The data that autonomous trucking companies provide needs to go beyond just reporting accidents to authorities. Statistics should include how many times and why the safety drivers grab the wheel and take over from the onboard computer, which is fed information from a combination of sensors such as cameras, radar and lidar. The argument against providing this data is that the decision to intervene is subjective and that some drivers are more skittish than others. That shouldn't matter. A clear, downward trendline of interventions — planned or unplanned — will show that safety drivers are gaining more confidence in the automated systems they are testing.

There are other hurdles for autonomous trucks. For one, California doesn't allow driverless operations for vehicles weighing more than 10,000 pounds. Both industry advocates, such as the newly formed Autonomous Vehicle Industry Association, and critics, including unions and safety groups, agree that the Transportation Department needs to set some rules. That regulation must perform a delicate balancing act to ensure the vehicles are safe while not smothering this nascent industry before it gets started.

Keep in mind that accidents involving driverless trucks are going to happen at some point — perhaps from a motorist cutting in front of the truck, a blown tire or a computer glitch. But they will most likely be involved in a fraction of the large-truck accidents that cause injuries or deaths; 159,000 people were injured in crashes in 2019, and 5,600 people were killed in 2021, according to NHTSA data. Otherwise, the robot-truck industry won't survive.

The rules also need to take into account that the trucking industry is dominated by small companies and owner-operators. There are almost 2 million freight motor carriers in the U.S., and more than half of them own just one truck, which they likely drive themselves. Only 5,600 of these motor carriers operate more than 100 trucks. It's important that autonomous-vehicle technology is also available to these small entrepreneurs.

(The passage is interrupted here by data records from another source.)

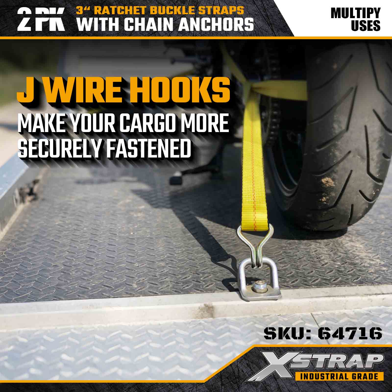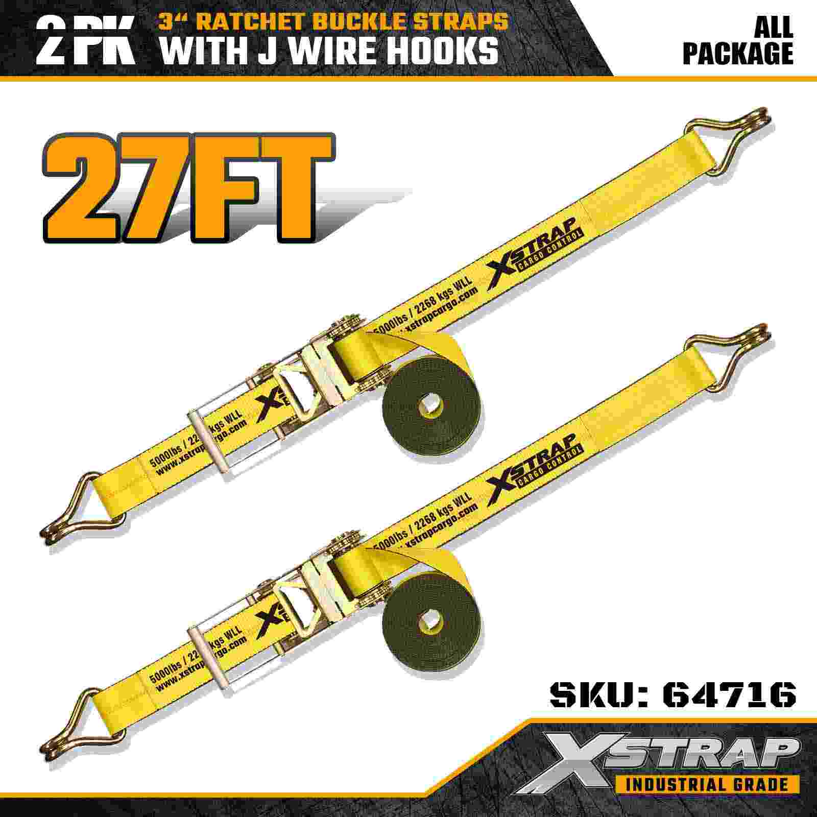 Az Xstrap 64716 3" × 27 láb racsnis csatszíjak (2-csomag) professzionális rakományrögzítésre készültek, nagy szilárdságú drótkampókkal és tartós racsnis mechanizmussal. 5000 font terhelési korláttal és 15 000 font teljesítménnyel ezek a szállítószalagok, szakítószilárdság nélkül. és ipari fuvarozási feladatokat.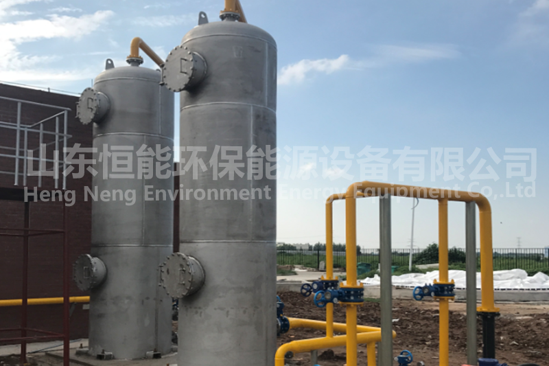 沼氣中含有大量的粉塵、污泥、水分、雜質(zhì)及毒害性氣體(如HCl,H2S,NH3),為達(dá)到設(shè)備利用要求或環(huán)保排放標(biāo)準(zhǔn),需要對原料氣中的氣體進(jìn)行預(yù)處理,如增壓、脫硫、脫水、除塵等。
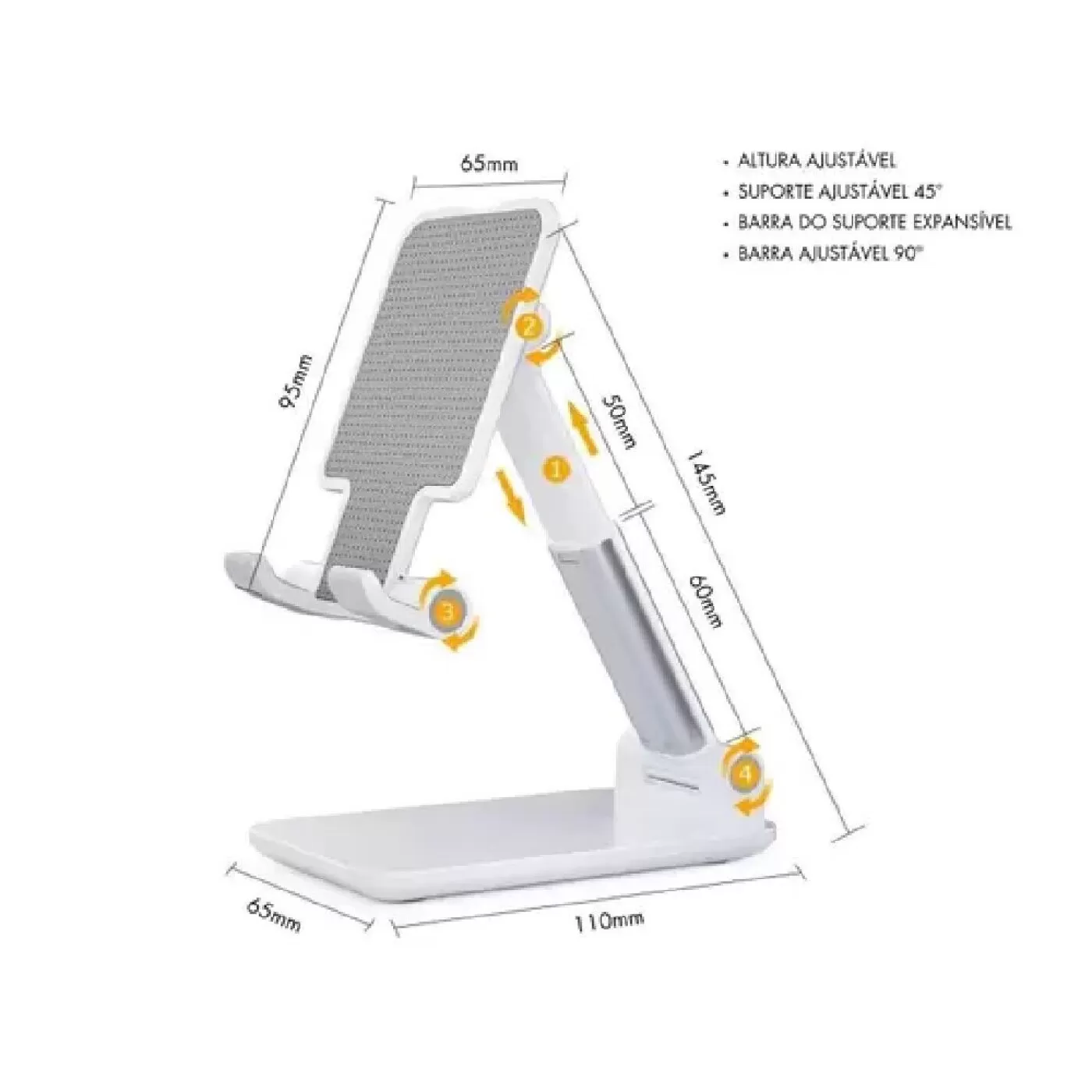 Suporte de celular para mesa que, além de ser muito decorativo, prático e moderno, é universal para todos os smartphones e tablets.
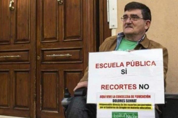 Desde hace más de dos años, cuando lo conocí sentado en su silla de ruedas en la calle Alfonso de Zaragoza al pie de su diaria reivindicación en pro de una escuela pública y laica, sabía que la determinación tomada el martes por el profesor Antonio Aramayona formaba parte de su tránsito vital y mortal. Me lo dijo mientras comíamos en un modesto restaurante, cerca de su casa, antes de despedirnos. La mañana anterior nos habíamos congregado un grupo de amigos, alumnos y compañeros de Aramayona para conmemorar su primer año ante el portal de la consejera de Educación del Gobierno aragonés.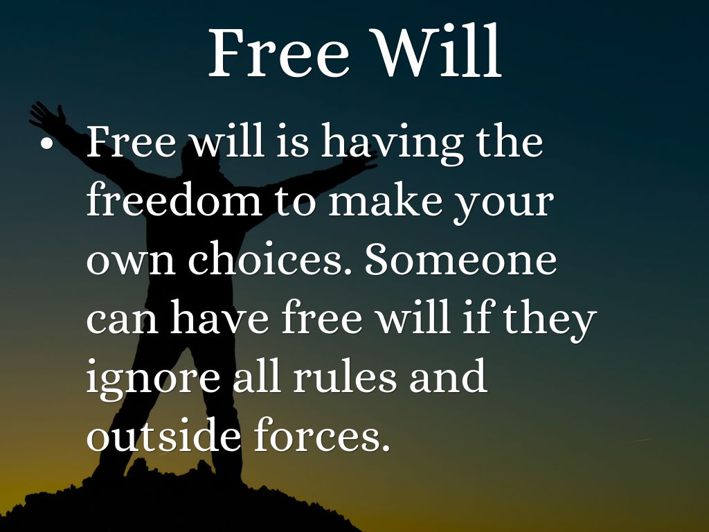 • Free will is having the freedom to make your own choices. Someone can have free will if they ignore all rules and outside forces.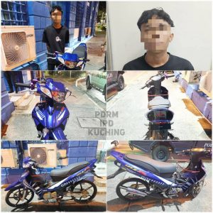 KUCHING: Seorang lelaki berusia 22 tahun ditahan dan sebuah motosikal curi berjaya dirampas daripadanya semasa rondaan pencegahan...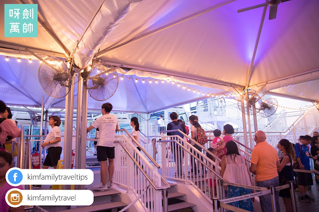我哋落到船見到好大好靚既摩天輪! 撞啱今日天氣好好, 嚟到時差唔多黃昏入夜, 個天呈現紫藍色! 真係好靚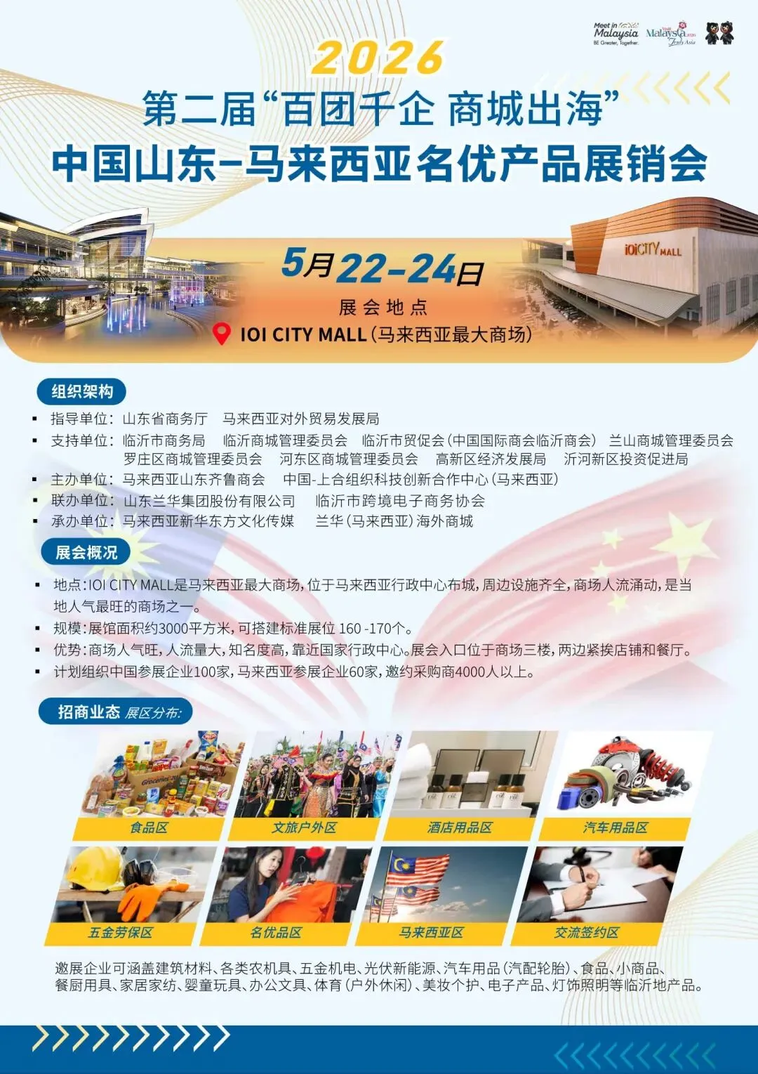 ? 时 间:2026年5月22日—24日? 地 点:马来西亚 IOI CITY MALL(商场三楼展位,紧邻店铺餐厅,直面高客流)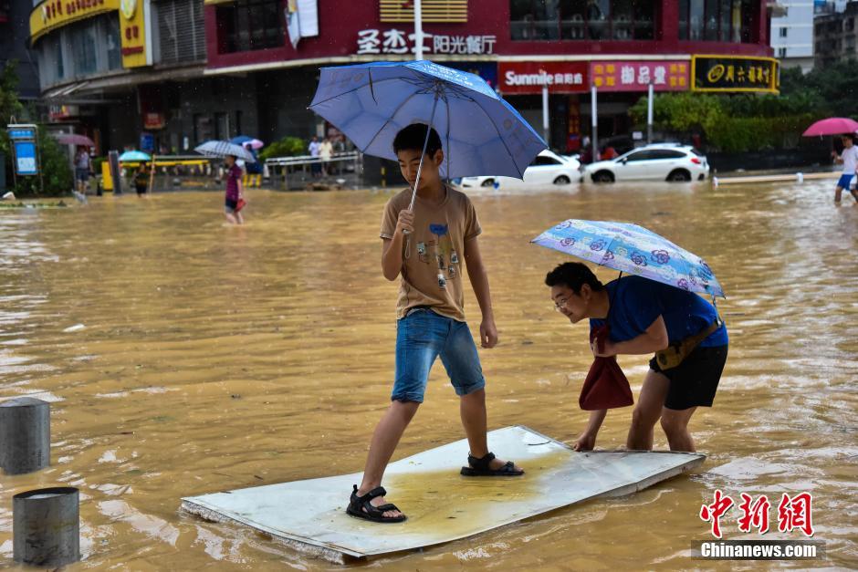 8月9日,福州在今年第13号台风“苏迪罗”影响下仍内涝严重,许多福州市民在出行时看到被淹没的福州街道,纷纷“望洋兴叹”。 李南轩 摄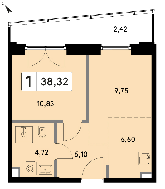 В продаже 1-комнатная квартира без отделки на 17 этаже, Корпус H.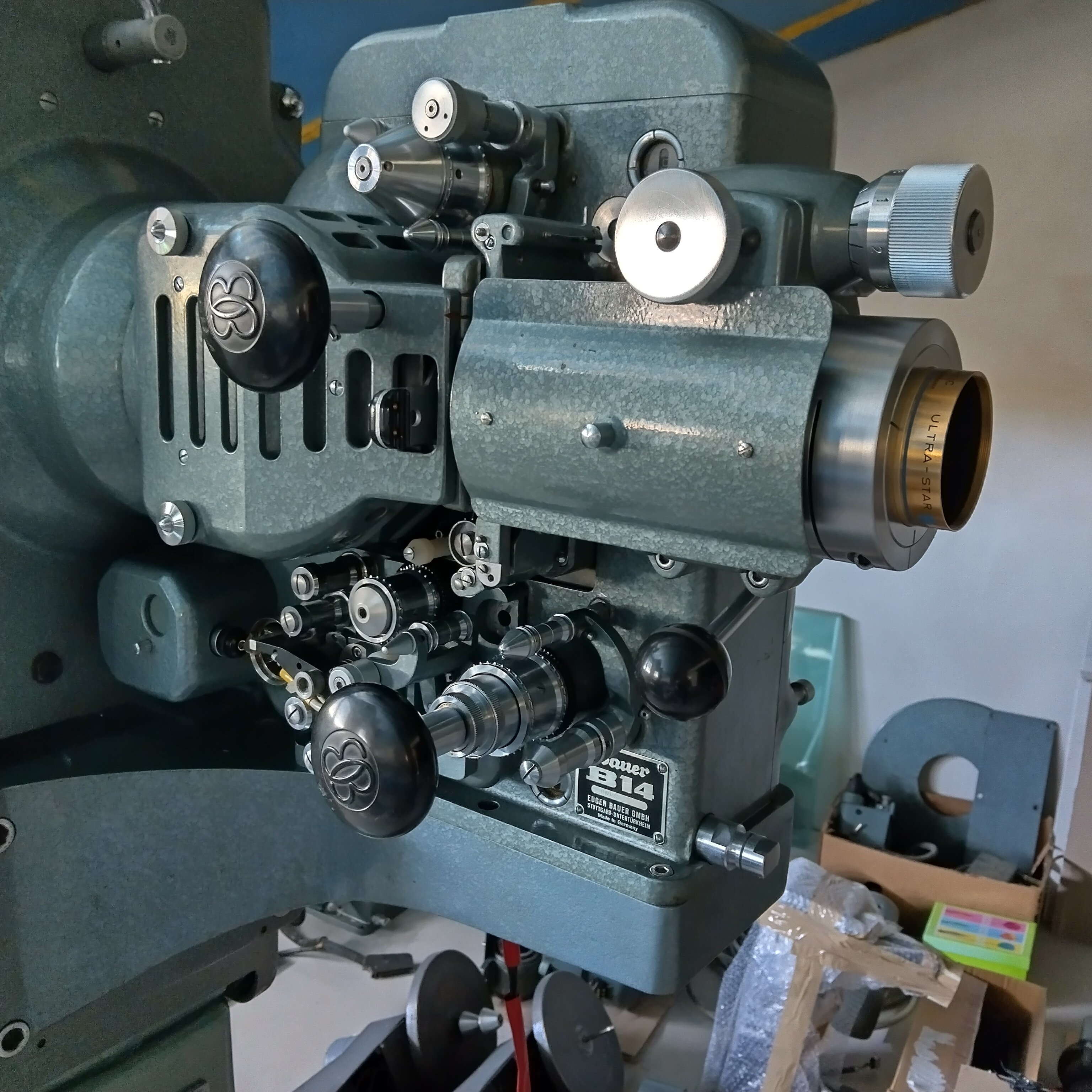 Hallo zusammen meine Lieben! Wir verschenken eine vollständige und sofort betriebsbereite Stumpf 16 mm Standmaschine mit 1600 W Xenon inklusive elektronisch gekoppeltem 16 mm Zweibandlaufwerk (Zweibandlaufwerk ist so groß wie ein Bauer P7). Die Maschine faßt problemlos 1500 m Spulen und hat eine gewichtsabhängige Aufwickelfriktion. Licht- und Magnettonwiedergabe (jeweils XLR Anschlüsse für den Vorverstärker. Umschaltbar von 24 auf 18 Bilder pro Sekunde, sowie eine eingebaute stufenlose Geschwindigkeitsverstellung über Drehknopf. Der Xenonspiegel hat seit Jahrzehnten einen Sprung, tut aber problemlos Dienst ohne optische Fehler in der Projektion. Maschine läuft einphasig. Irem Gleichrichter (blau, 75 A) gibts auf Wunsch kostenlos dazu. Maschine wird aktuell von mir fachmännisch zerlegt und liegt dann in Einzelteilen zum Abtransport bereit. Die auf dem Bildern zu sehenden Wittner-Umlenkrollen und das Objektiv muß ich allerdings für die Selecton, die stattdessen aufgebaut wird, behalten und sind somit nicht dabei. Standort ist Duisburg. Abholung bis allerspätestens bis zum 8.5., denn am 11.5. ist der Schrotthändler schon bestellt. Desweiteren verschenken wir noch mehrere Ernemann 8 und 8B und weiteren Kinokrempel wie zB alte Riesenscheinwerfer bis zum gleichen Datum. Nun gebt Euch einen Ruck und holt das Zeug hier ab, damit das nicht alles in den Schrott geht. Gruß Martin1 Punkt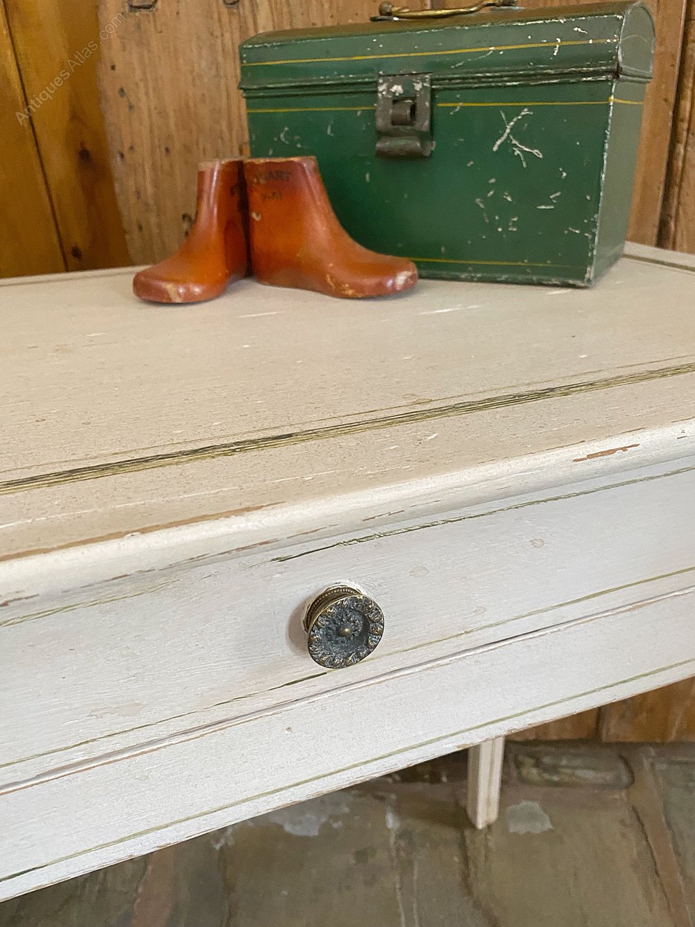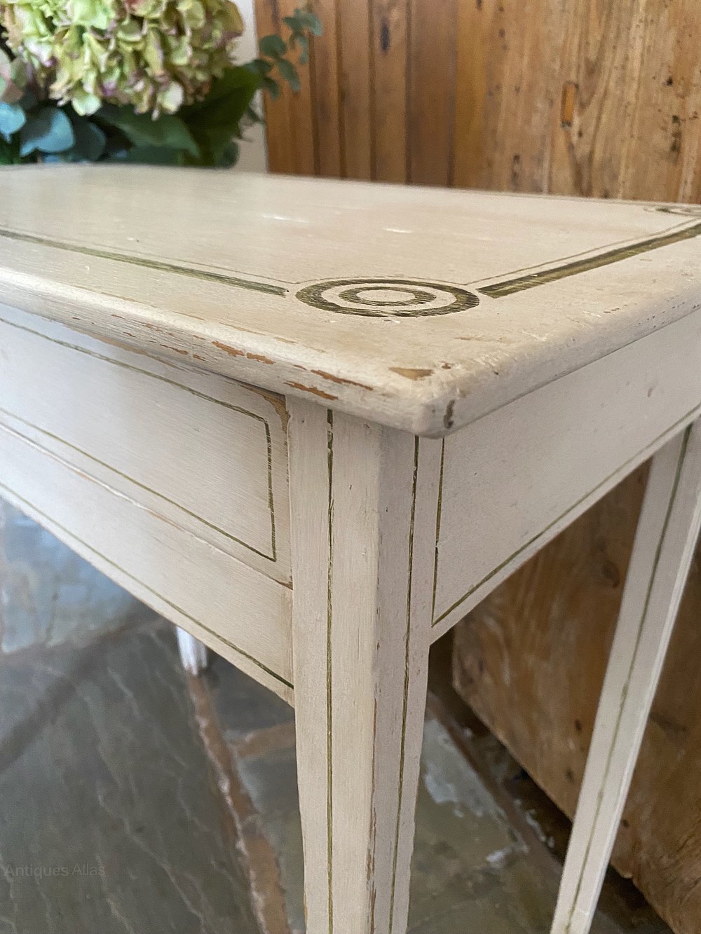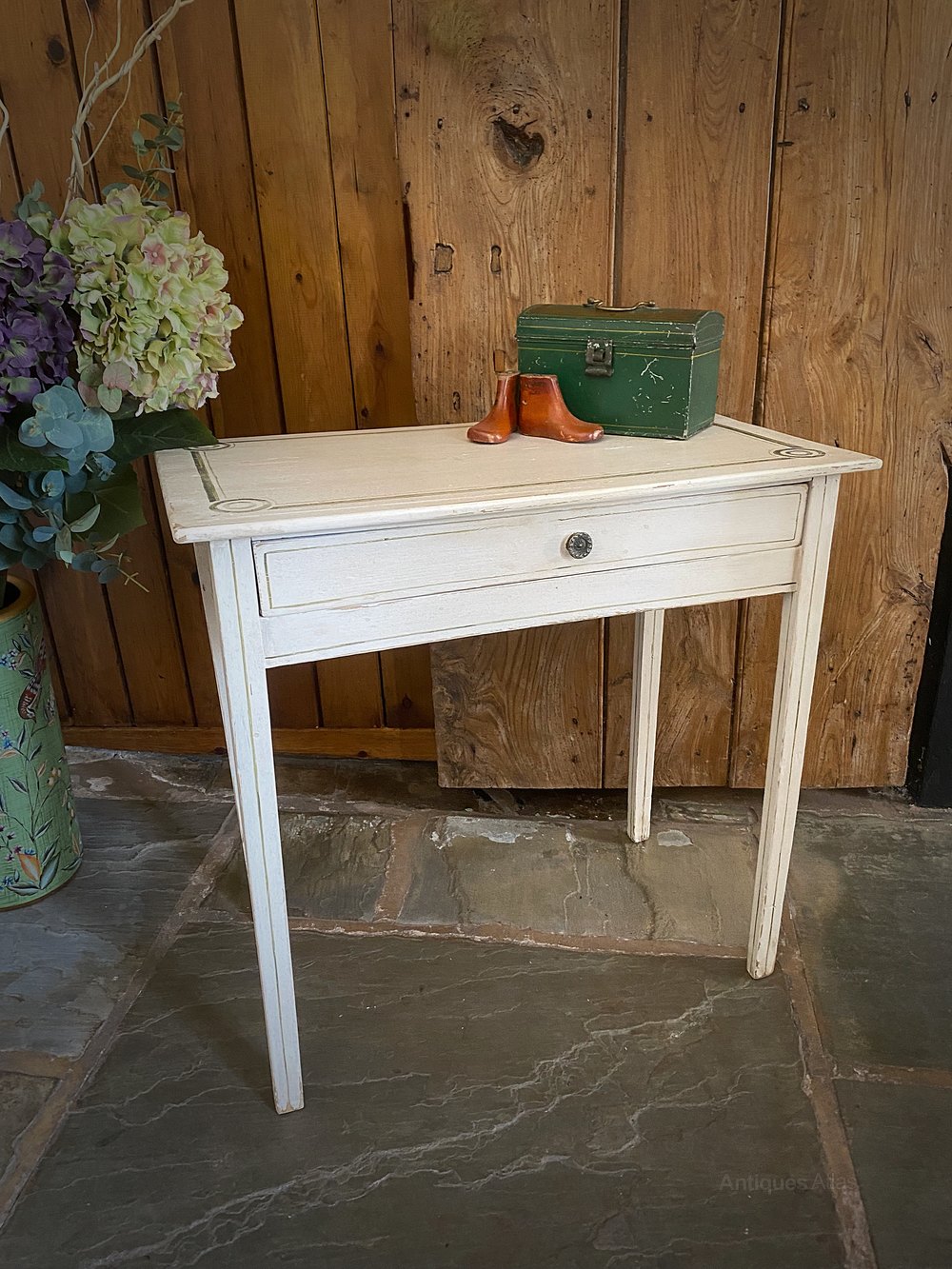 Re-finished in an off white with traditional line and roundel designs in two shades of green. Distressed and waxed to produce a great time worn look.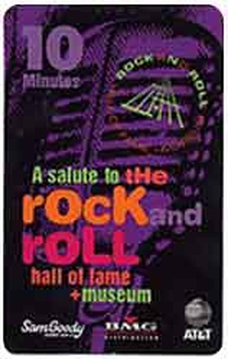 Overall, this collectible card celebrates rock and roll music history and honors the artists recognized by the Rock & Roll Hall of Fame and Museum. Its design and featured logos make it a promotional phone card focused on musical artists and entertainment, combining branding from notable companies within the music and telecommunication sectors.
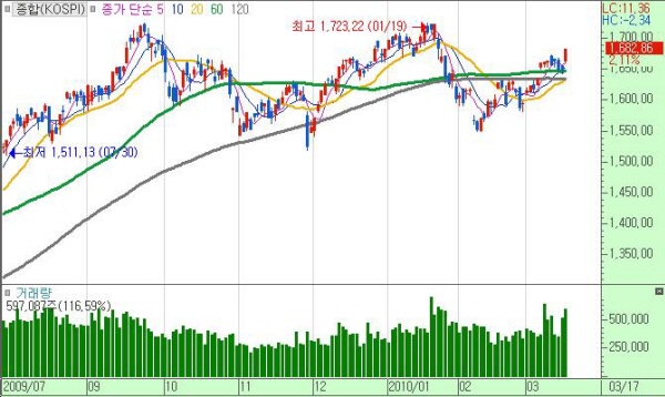 다만, 단기적으로 이를 확인하고자 하는 심리와 엇갈린 결과를 보여주고 있는 경제지표에 의해 변동성 장세가 나타날 수 있다는 점과 투자심리를 호전시킬 수 있는 단기 모멘텀이 없는 상황이라는 점에서 지수는 좀더 방향성을 탐색하는 흐름을 보일 것으로 판단된다. 당분간 박스권 장세(KOSPI 1,630~1,700선 초반)가 이어질 개연성이 높아 보인다.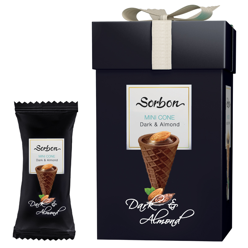 Шоколадные конфеты с орехом подарочные в коробке с бантом ассорти Sorbon (mini cone) "Миндаль" 200 гр - это хрустящий вафельный рожок и шоколадная начинка с миндалем. Традиционные восточные сладости могут стать отличным подарком на праздник и просто так порадовать друзей и близких. Набор конфет не содержит красителей и ГМО. Каждая конфета запечатана в индивидуальную упаковку. Коробки конфет хватит для душевного чаепития на целую компанию.

For now, most of the driverless-system developers have partnered with large companies, including UPS, FedEx and J.B. Hunt.

It will take some time, perhaps years, before autonomous trucks cut into the shortage of long-haul drivers. To pave the way, transparency on how these companies' technologies are performing will generate public confidence that, instead of being a threat, these trucks will actually be much safer and can handle the job of moving freight across the country.

Thomas Black is a Bloomberg Opinion columnist covering logistics and manufacturing. Previously, he covered U.S. industrial and transportation companies and Mexico's industry, economy and government.